### What is expected
Stop at the line containing "X SUPERLIGHT 2等新型號。": repeat exactly every line of the entries below from the first up to it, plus that line, with pictures omitted.

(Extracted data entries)
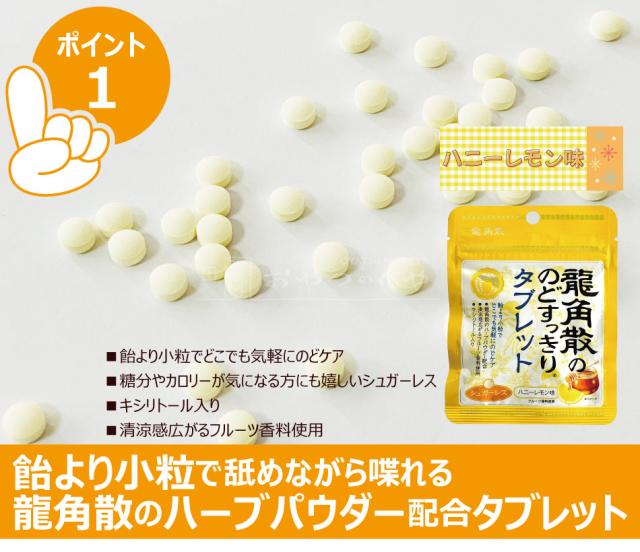 飴より小粒なので、いつでも、どこでもサッと舐められる!龍角散のハーブパウダーを配合したのどケアのためのタブレットです。
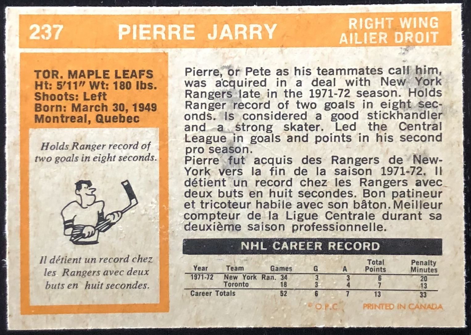 Card #237 NHL, hockey, vintage, OPC, rookie
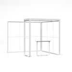 Den delvis takoverdekkede L-formen skaper en egen sone som både åpner opp og gir en viss grad av privatliv. Sideveggene med LED-belyste paneler danner et profesjonelt bakteppe for merkevaren din, mens taket over disken tilfører dybde og særpreg til standen.
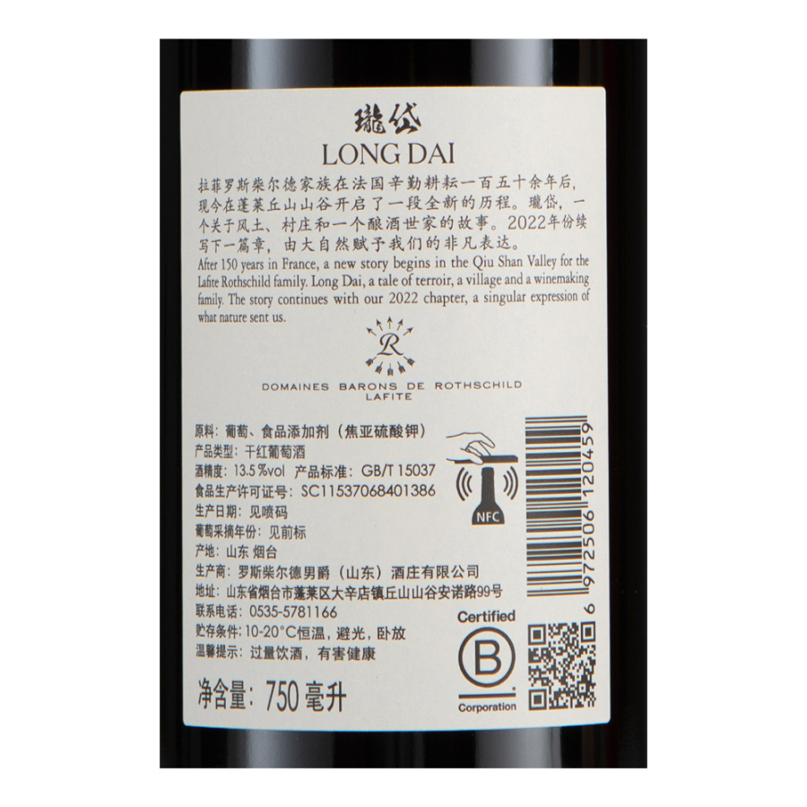 这是一款来自山东蓬莱丘山山谷产区的红葡萄酒,是拉菲罗斯柴尔德男爵酒业公司旗下瓏岱酒庄的正牌酒。“瓏岱”二字承载着罗斯柴尔德家族的希冀,寓意着酒庄所产葡萄酒融合了人们的悉心耕耘与自然的卓越风土,是现代文明与中国传统的融会贯通,更是祖辈经验与前卫精神的结合。2022年瓏岱酒庄红葡萄酒集轻盈、清新与精致于一体,紫罗兰、桑葚和蓝莓的果香徐徐舒展,交织着白胡椒和矿物气息,酒体适中,风味十足,余韵绵长而多汁,尽显雅致。
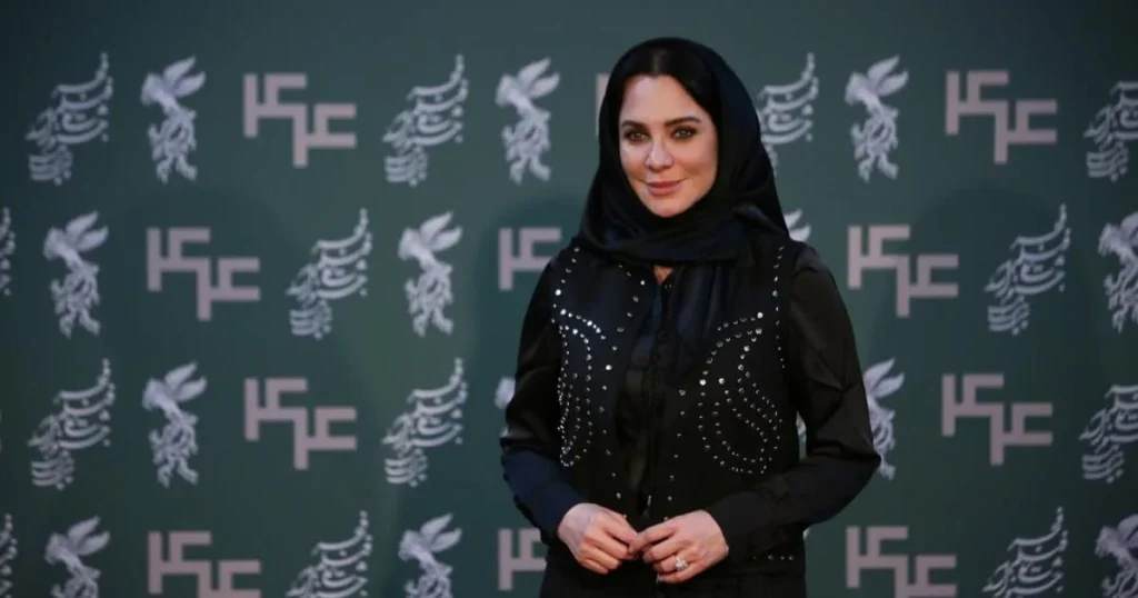 سلاف فواخرجي بالحجاب أثناء حضورها العرض الخاص في طهران
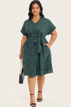Vestido midi con cinturón y manga dolman a lunares verde35,99 €
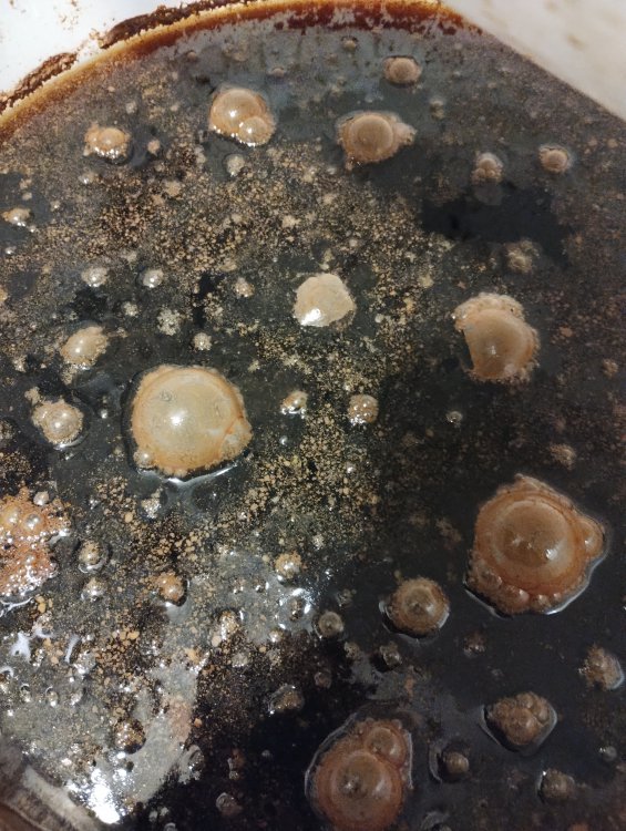 Czy to jest biofilm czy to może być tłuszcz? Po fermentacji porteru bałtyckiego pojawiły mi sie takie piękne bąble na piwie BLG 5,3 ABV 7%, brzeczka była zaszczepiona gęstwą 1,5 tygodniową (bochemska rapsoda). Pytanie o tłuszcz stąd, że ok 1,5 kg słodu wędzonego było przechowywane w opakowaniu po kawie przez jakiś rok i jak sypałem do mielenia to pewnie razem z resztkami kawy. Blog Oskalibera z wpisami na temat zakażeń sobie przyswoiłem i dalej nie wiem co to. Piwo smakuje normalnie, żadnych dziwnych zapachów też nie rozpoznaję.
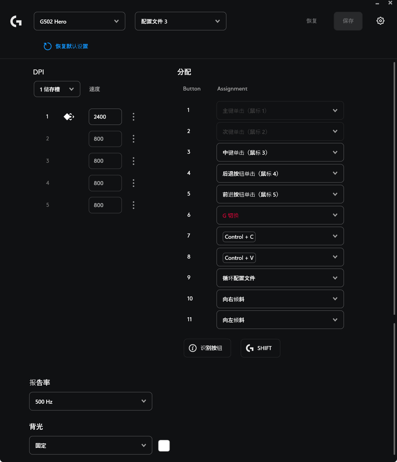作爲一款實用工具,OMM把調節核心功能做到了極致。界面簡潔到沒有任何花裏胡哨的元素,核心功能一目瞭然:DPI多檔調節、回報率(輪詢率)切換、按鍵自定義、基礎背光控制,還有設備配對功能。軟件最新版還支持雙設備配對和PRO X SUPERLIGHT 2等新型號。
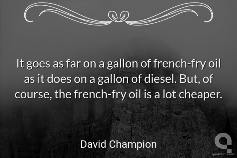 It goes as far on a gallon of french-fry oil as it does on a gallon of diesel. But, of course, the french-fry oil is a lot cheaper.
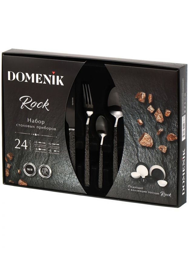 Набор столовых приборов нержавеющая сталь, 24 предмета, подарочная упаковка, Domenik, Rock Black, DMC035
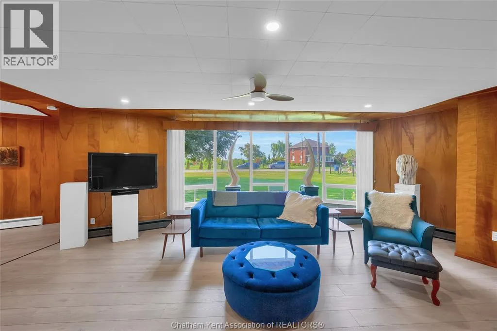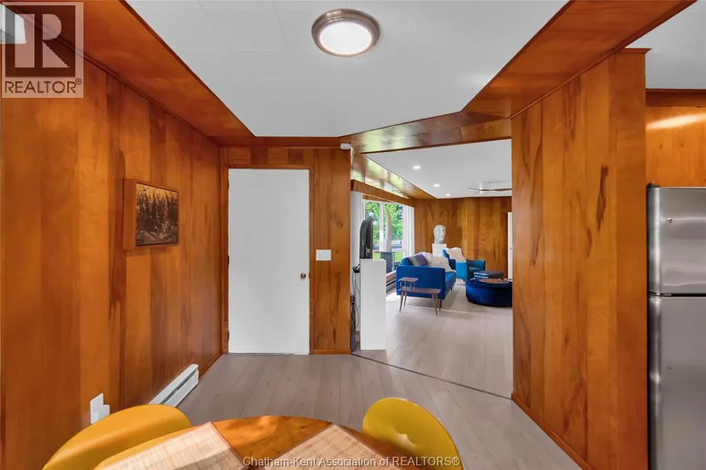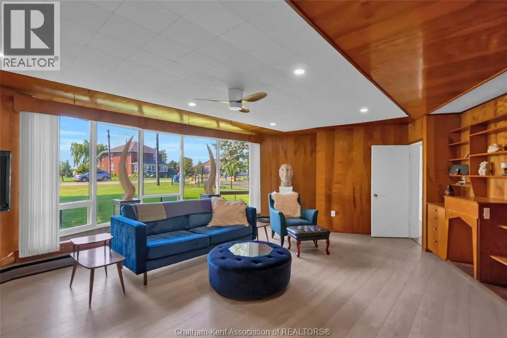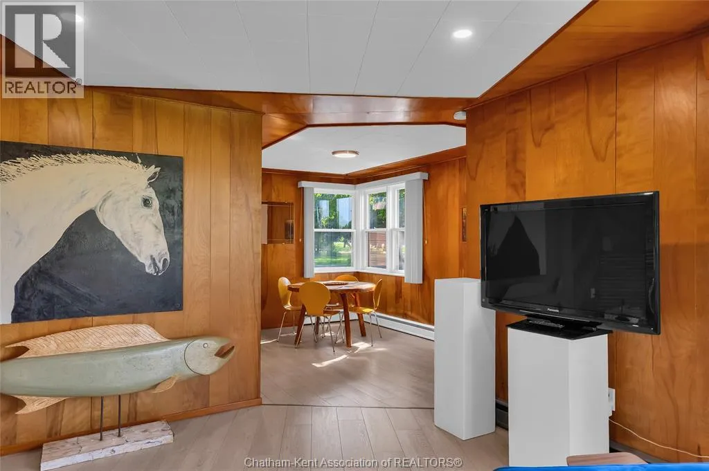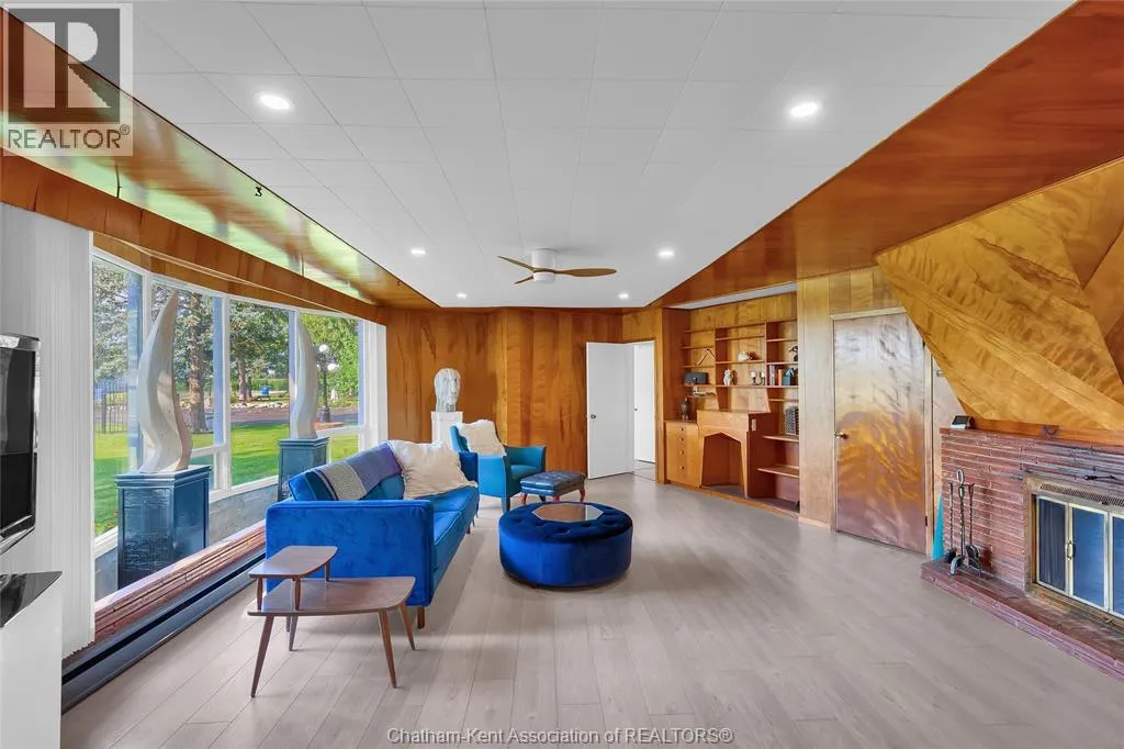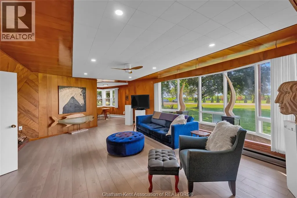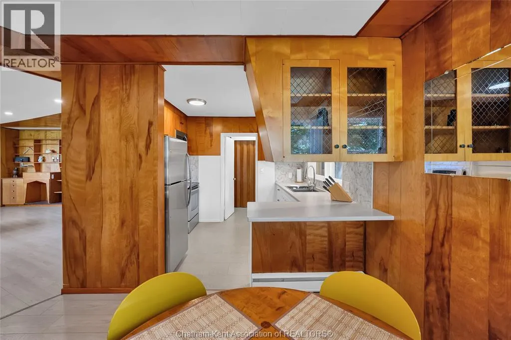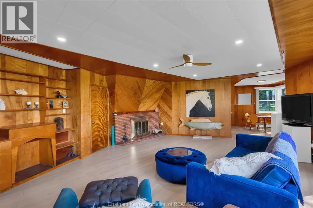 Experience the perfect blend of style, comfort, and serenity in this beautifully refreshed mid-century modern home along the Thames River. Thoughtfully updated from top to bottom including the kitchen, two bathrooms, flooring, and electrical. Step inside and fall in love with the warmth of the original wood paneling and the bright, open living space. The wall of windows draws in natural light and showcases peaceful river views, while the cozy fireplace and custom built-ins create the perfect spot to unwind after a busy day. With four spacious bedrooms, thereâs room for everyone or the flexibility to design a home office, yoga space, or guest retreat. The private 3-piece ensuite offers an added touch of comfort and privacy. Out back, enjoy your own slice of nature perfect for morning coffee by the water, an evening paddle, or simply watching the sunset. The double garage offers space for vehicles, storage, and hobbies, while the location just minutes from Chatham, keeps everything you need close by. Call Today! (id:27476)
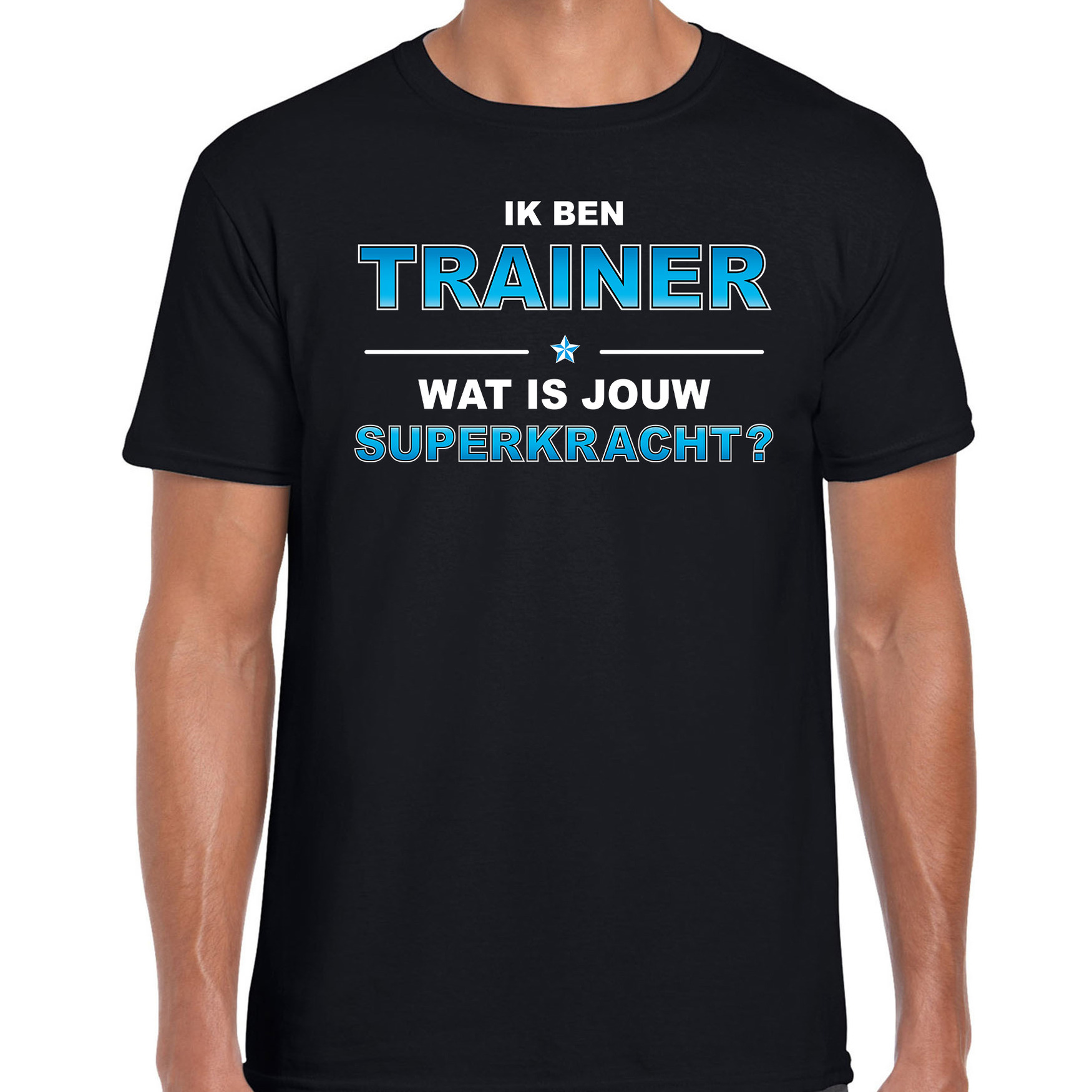Cadeau shirt trainer – ik ben trainer wat is jouw superkracht t-shirt zwart voor heren. Op dit zwarte shirt staat in blauwe letters de tekst: ik ben trainer, wat is jouw superkracht? Het t-shirt is leuk om cadeau te geven voor de trainer zijn verjaardag, of als bedankje aan het einde van een (sport) seizoen.

### Response to this exercise
 飴より小粒なので、いつでも、どこでもサッと舐められる!龍角散のハーブパウダーを配合したのどケアのためのタブレットです。
 Card #237 NHL, hockey, vintage, OPC, rookie
 Den delvis takoverdekkede L-formen skaper en egen sone som både åpner opp og gir en viss grad av privatliv. Sideveggene med LED-belyste paneler danner et profesjonelt bakteppe for merkevaren din, mens taket over disken tilfører dybde og særpreg til standen.
 这是一款来自山东蓬莱丘山山谷产区的红葡萄酒,是拉菲罗斯柴尔德男爵酒业公司旗下瓏岱酒庄的正牌酒。“瓏岱”二字承载着罗斯柴尔德家族的希冀,寓意着酒庄所产葡萄酒融合了人们的悉心耕耘与自然的卓越风土,是现代文明与中国传统的融会贯通,更是祖辈经验与前卫精神的结合。2022年瓏岱酒庄红葡萄酒集轻盈、清新与精致于一体,紫罗兰、桑葚和蓝莓的果香徐徐舒展,交织着白胡椒和矿物气息,酒体适中,风味十足,余韵绵长而多汁,尽显雅致。
 سلاف فواخرجي بالحجاب أثناء حضورها العرض الخاص في طهران
Vestido midi con cinturón y manga dolman a lunares verde35,99 €
 Czy to jest biofilm czy to może być tłuszcz? Po fermentacji porteru bałtyckiego pojawiły mi sie takie piękne bąble na piwie BLG 5,3 ABV 7%, brzeczka była zaszczepiona gęstwą 1,5 tygodniową (bochemska rapsoda). Pytanie o tłuszcz stąd, że ok 1,5 kg słodu wędzonego było przechowywane w opakowaniu po kawie przez jakiś rok i jak sypałem do mielenia to pewnie razem z resztkami kawy. Blog Oskalibera z wpisami na temat zakażeń sobie przyswoiłem i dalej nie wiem co to. Piwo smakuje normalnie, żadnych dziwnych zapachów też nie rozpoznaję.
作爲一款實用工具,OMM把調節核心功能做到了極致。界面簡潔到沒有任何花裏胡哨的元素,核心功能一目瞭然:DPI多檔調節、回報率(輪詢率)切換、按鍵自定義、基礎背光控制,還有設備配對功能。軟件最新版還支持雙設備配對和PRO X SUPERLIGHT 2等新型號。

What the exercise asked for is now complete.